Kenyon provides part-time student employment opportunities during the academic year and during the summer break. Summer work off-campus, related to your field of study, is also an option. There are employment restrictions for F-1 students, so please read the information below carefully. More general employment information is available through the Career Development Office.
- Employment restrictions for F-1 students
- On-campus employment for F-1 students
- Summer employment
- Off-campus employment
- Optional Practical Training (OPT)
- Employment with an International Organization
- Social Security Number (SSN)
Employment restrictions for F-1 students
A student in valid F-1 status may work for on campus for Kenyon College up to 20 hours a week when school is in session and full-time during official school breaks or vacations. This includes the Kenyon Inn and the Kenyon Bookstore (both owned by Kenyon) as well as the Lowry Center, Library and Information Services (LBIS) and other departments and offices on campus. The Village Inn, Gambier Grill, the Weather Vane and the Deli are not Kenyon-owned and so are not "on campus" for employment purposes.
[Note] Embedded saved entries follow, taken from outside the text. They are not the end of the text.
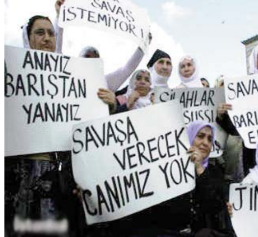
Banış Anneleri'nin "Artık yeter, kadınlar savaşa istemiyor" eylemi, İstanbul, 2011

Öcalan BDP heyeti ile yaptığı görüşmede CHP-MHP blokunu "faşist" olarak niteleyerek net bir tavır aldı. Yeni anayasada başkanlık sistemine destek vereceklerini söyleyen PKK lideri, yeni bir dönemin başlanacağını belirterek, AKP'yi kendi hegemonyasını kurmaya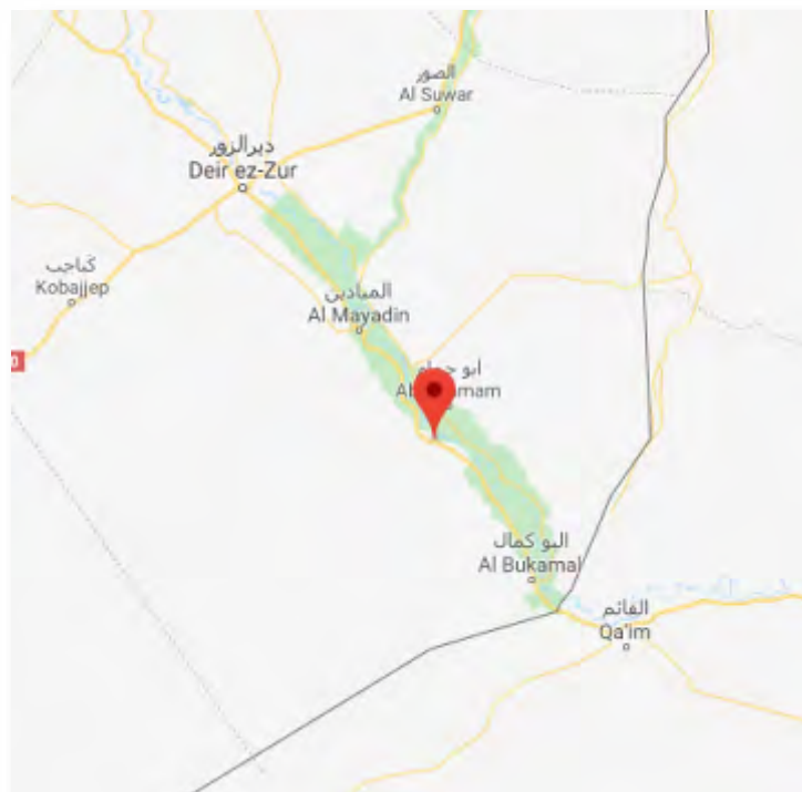
Le village d'Al-Salihyah, où une salle d'opérations doit être installée, partagée par l'armée russe, les YPG et les tribus arabes (en rouge)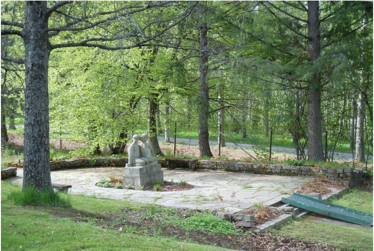
Vigelandsparken med skulpturen "Skremt", ett av Rottneros Park få original.

och en öst-västlig axel. De nord-sydliga axlarna konvergerar genom parken för att sammanstråla i en punkt i parkens sydliga ände Ytterområdena är mer naturromantiska i engelsk landskapsparkstil. (Johansson 2010, s. 17).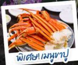
พิเศษ! เมฆหอบู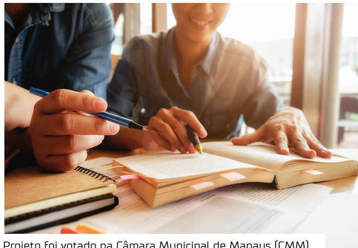
Projeto foi votado na Câmara Municipal de Manaus (CMM)

A capital amazonense pode ganhar, em breve, o programa “Escola da Cidadania”, que tem como objetivo promover a formação cidadã, a educação em direitos, o incentivo ao empreendedorismo e a valorização da participação comunitária. O Projeto de Lei foi deliberado durante a 75ª Sessão Ordinária, nesta segunda-feira (8 de setembro), na Câmara Municipal de Manaus (CMM).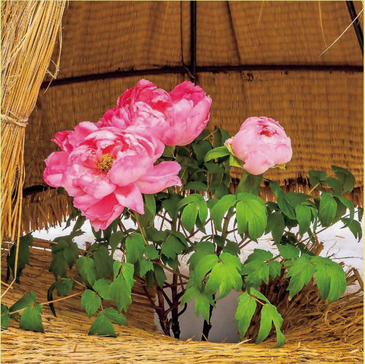
【牡丹】 高島町では「牡丹姫伝説」にちなんで2月上旬に「まほろば冬咲きぼたんまつり」が開催されます。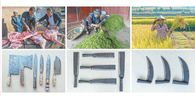
现在剑川百姓生活中使用杀猪刀、砍柴刀和镰刀的生活场景。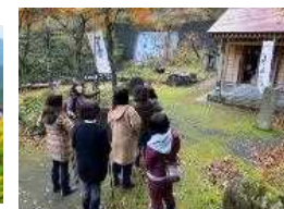
モニターツアーの様子(史跡散策)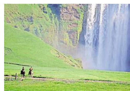
Beeindruckend: Der Wasserfall Skogafoss auf Island.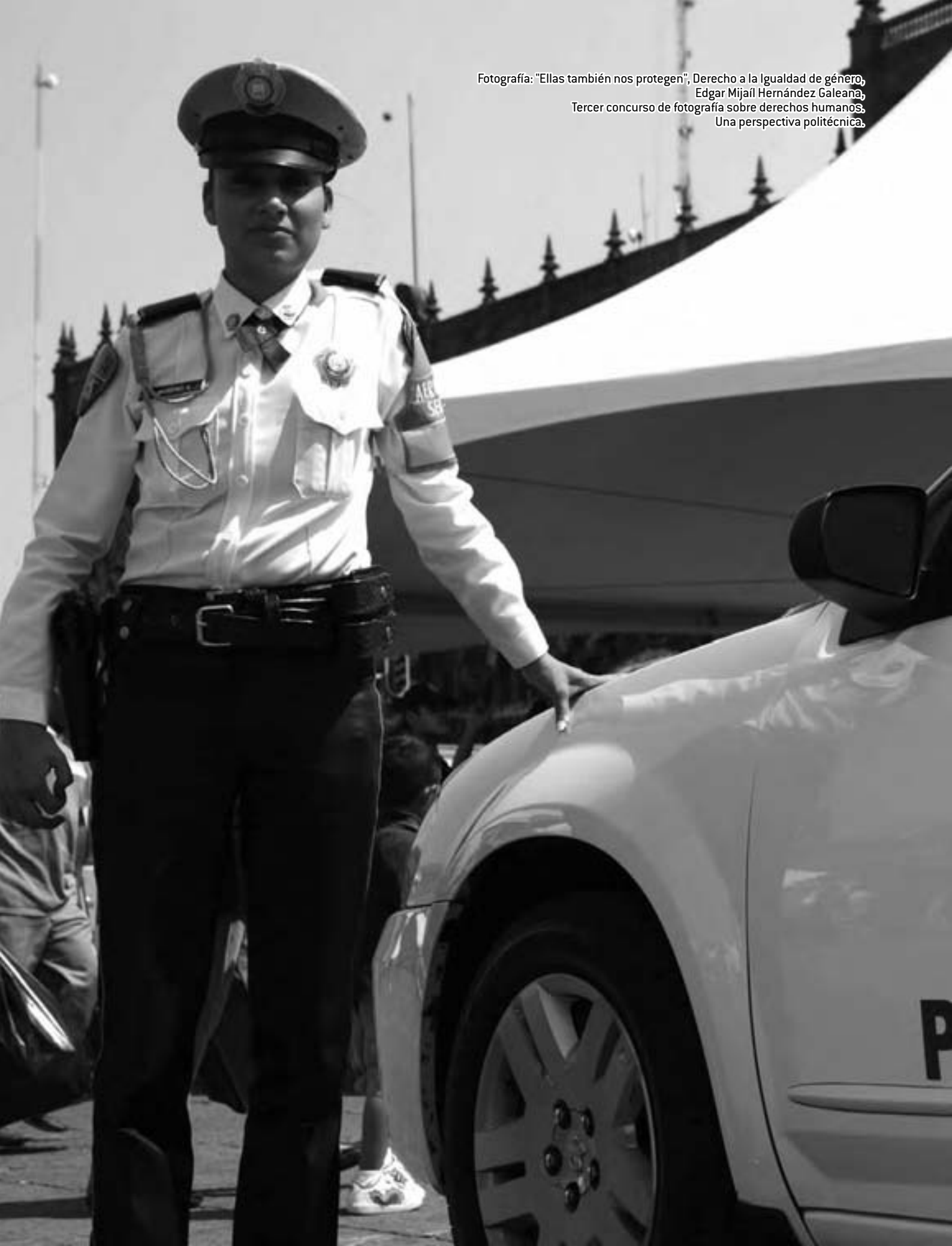
Fotografía: "Ellas también nos protegen", Derecho a la Igualdad de género, Edgar Mijaíl Hernández Galeana, Tercer concurso de fotografía sobre derechos humanos, Una perspectiva politécnica.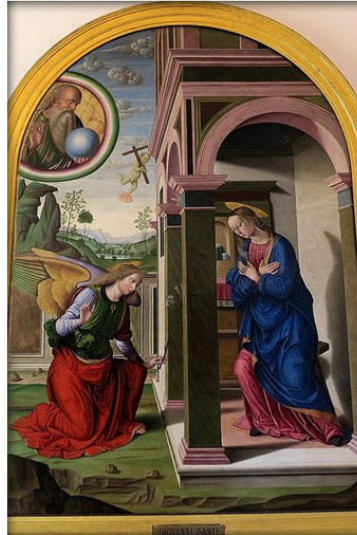
Джованни Санти «Благовещение»

«Определённо, этот Джованни что-то знал, и передал это сыну», – подумала Лора. Она любовалась фреской, одновременно оценивая и анализируя старинное изображение. «Опять то же самое! На переднем плане всё понятно. А вот вверху слева: в полукруге человек держит сферу. Кто это? Бог? Хорошо, согласна, Бог. Но почему в руке шар? Это что? Земля? Или другая планета? Зачем художник изобразил этот предмет? А на заднем плане: стоит младенец одной ногой на облаке и держит крест. Кто это? Ангел? Но крыльев-то нет. В общем странно. А самое главное – пейзаж опять не похож на земной. Больше Сапфиру напоминает». Оглянувшись и приняв невидимость, Лора принялась исследовать фреску и с удовлетворением нашла две почти микроскопические латинские буквы «i». На обратном пути в Рим Лора напряжённо думала: «В Италии мне делать больше нечего. Зацепок нет. Осталась единственная картина в Петербурге. Но я итак там буду, когда прилечу. Значит пора возвращаться».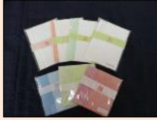
紙すき作業 すいた紙を製品に仕上げます。ポチ袋、しおり、封筒などに加工して、区民まつり等のイベントや岩槻区役所でのピアショップ、などで販売しています。

所外作業 令和4年1月から、週2回(火・木)近隣の会社に出向き野菜の袋詰め作業を行なっています。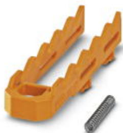
Einbaugehäuse, Länge: 55 mm, Lock-and-Release-System, Farbe: orange, Breite: 16,2 mm

Bitte beachten Sie, dass die hier angegebenen Daten dem Online-Katalog entnommen sind. Die vollständigen Informationen und Daten entnehmen Sie bitte der Anwenderdokumentation. Es gelten die Allgemeinen Nutzungsbedingungen für Internet-Downloads. ( http://phoenixcontact.de/download )

You may not work for off-campus businesses without authorization from US Citizenship and Immigration Service (USCIS). Working without authorization off campus is a violation of your immigration status. You also cannot work for professors individually like babysitting, translating or doing research (unless your compensation is paid by Kenyon College).
On-campus employment for F-1 students
Students ready to work on campus should contact the Office of Student Employment located in the Career Development Office (CDO). When searching for a job, limit your applications to on-campus jobs to protect your immigration status.
Students will also need to apply for a Social Security Number (SSN) from the Social Security Administration (SSA). Please notify the Center for Global Engagement once you have a job offer so that we can help you prepare your Social Security application.
An F-1 student may be able to reduce or eliminate their obligations if the United States has negotiated a tax treaty with their country of citizenship. Please cooperate with the Kenyon Accounting Office when they contact you in order to determine your eligibility by completing the necessary forms.
In order to remain in Kenyon's residence halls during the summer break, you will need to be employed on campus for 25 hours (or more) per week. The process of finding a summer job is similar to finding a regular job, but some applications are not available online. Look out for emails regarding employment and ask your contacts in any department or office if there will be any opportunities. Look for summer jobs early - the job search can be competitive.
It is also possible to apply to use some of your Option Practical Training (OPT), Curricular Practical Training (F-1 status) or Academic Training (J-1 status) to work off-campus at a job directly related to your field of study. You will need to apply early as approval can take three months or more. To use Curricular Practical Training, you will have to enroll in an internship courses for the month of April before beginning summer employment. Contact the Center for Global Engagement for more information.
There are two off-campus employment authorization categories available to non-immigrants in F-1 status at Kenyon College, Optional Practical Training (OPT) and Employment with an International Organization, but only one, OPT, is commonly used.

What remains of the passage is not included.